CCA presentation highlights innovations from Australia’s adult and community education providers

A Community Colleges Australia (CCA) presentation has highlighted innovations from Australia’s adult and community education providers. These innovative projects span across educational services, business and employment – including business incubators, sustainability and the environment, and community services, all of them making a real difference to the local populations.

Dr Don Perlgut and Evelyn Goodwin presented their paper entitled, Developing Tomorrow’s Skills and Building Community: Innovations from Australia’s adult and community education providers (click here for a PDF copy of the presentation slides), at the National Centre for Vocational Education Research (NCVER) conference in Sydney on 16 August 2018.

Dr Perlgut and Ms Goodwin point out that Australia’s adult and community education providers have a unique role in Australia’s education and training system. As well as providing non-accredited and vocational training, they play a remarkable, often unseen role in economic and community development, especially in regional and rural locations.
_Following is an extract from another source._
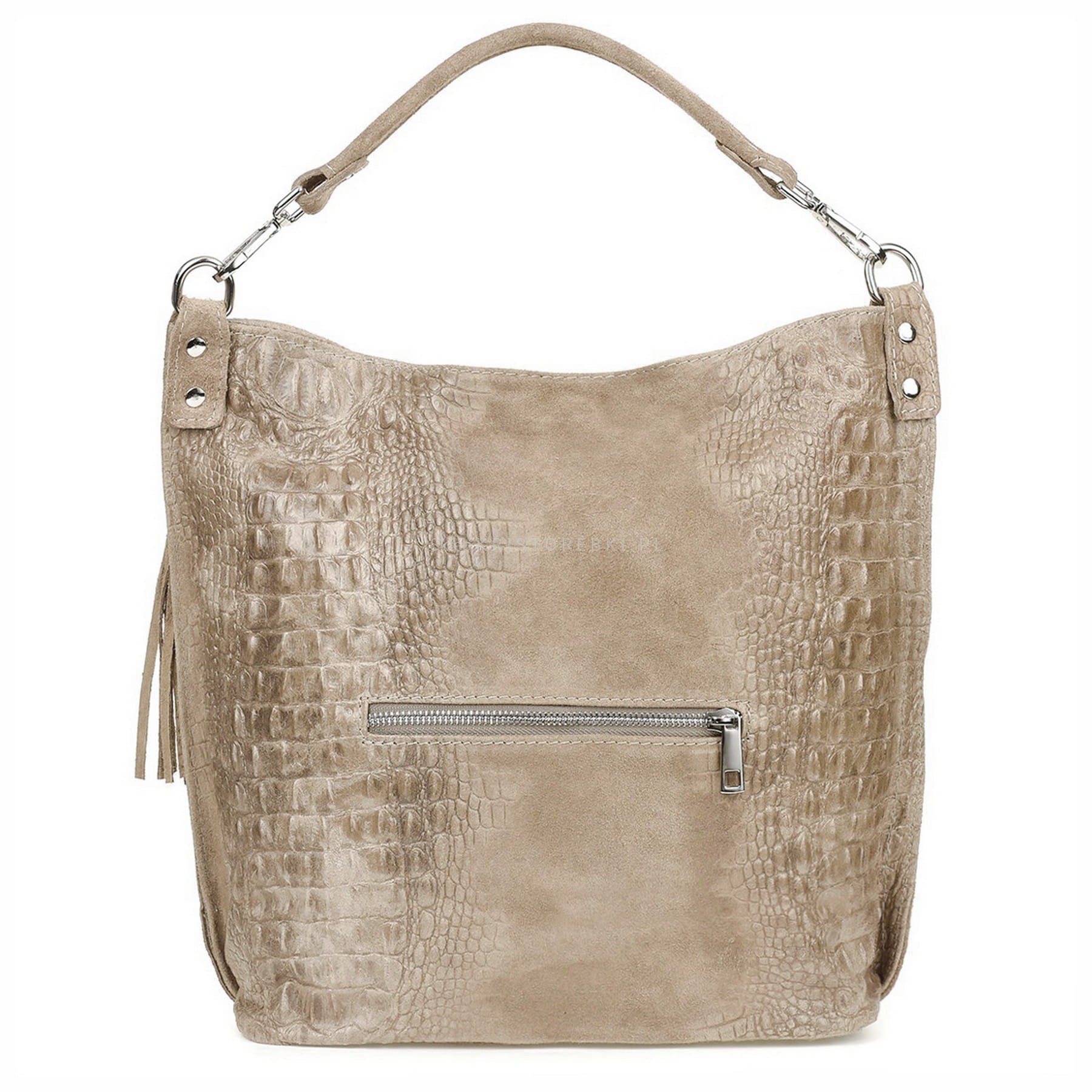 Włoska skórzana torebka damska typu shopper znanej i cenionej marki VERA PELLE ITALY w kolorze CIEMNEGO JEANSU. Wykonana została bardzo starannie z wysokiej jakości zamszowej skóry naturalnej. Wygląda niezwykle oryginalnie dzięki ciekawemu połączeniu zamszu z fakturą imitującą skórę krokodyla. Torebka posiada wygodną rączkę do noszenia w ręku a dodatkowy długi, odpinany i regulowany pasek pozwala ją nosić również wygodnie na ramieniu. Torebka posiada okucia w kolorze srebrnym. Jest duża i pojemna, dzięki czemu bez trudu pomieści format A4. Po prawej stronie torebki znajduje się duża i funkcjonalna kieszeń zamykana na suwak z ozdobnym frędzelkiem. Środek zamykany jest na suwak oraz wykończony wysokiej jakości podszewką. Torebka posiada jedną, zamykaną na suwak komorę, wewnątrz której znajduje się mała, boczna, zasuwana kieszonka. Z tyłu torebki znajdziesz kolejną praktyczną, zamykaną na suwak dużą kieszeń. Torebka jest bardzo wygodna w codziennym użytkowaniu a jej wygląda sprawia, że będzie pasowała do większości codziennych stylizacji. Jest lekka, a jej kształt i materiał sprawiają, że jest bardzo wygodna w użytkowaniu.

Showcased innovations include:

  • Driver education programs for rural NSW Aboriginal communities developed by ACE Community Colleges, which assist in disrupting cycles of poverty and unemployment through providing access to work and opportunity.
  • Kickstarting digital, marketing and IT careers through “NextGen Digital”, also delivering a Certificate II in skills for Work & Vocational Pathways, at Kiama Community College.
  • Permaculture and sustainability programs developed by Bryon Community College that attract regional investment, provide career pathways and employment, and support local sustainable food sources.
  • Social enterprises that meet local needs for skill development, employment and service delivery, especially for vulnerable young people – such as JobQuest’s Handyman service.
  • A network of unique regional and rural independent secondary schools that provides for the needs of disenfranchised young people, based on adult learning principles.
  • Supporting not-for-profit business incubators attuned to local and regional needs, at Business Growth Centre and Byron’s Sourdough Pathways.
  • The City East College Mentoring Program, which supports the integration of professionally skilled migrants and refugees into Australian employment.

Australian community education providers specialise in developing programs that are responsive to local needs, often acting as catalysts for learners to move on to higher levels of study when needed for employment.

“These unique and creative, often one-off programs, could only be undertaken in not-for-profit community-based education providers, with their mix of educational expertise and community commitment,” said Dr Don Perlgut, CCA CEO.

“Community providers excel at reaching the most vulnerable and disadvantaged people, including Indigenous Australians, regional and rural residents, people with disabilities, older workers and people from lower socio-economic backgrounds. Because of their autonomous governance and community base, they have the flexibility to act as innovators and incubators of new ideas and structures for growth and change,” said Dr Perlgut.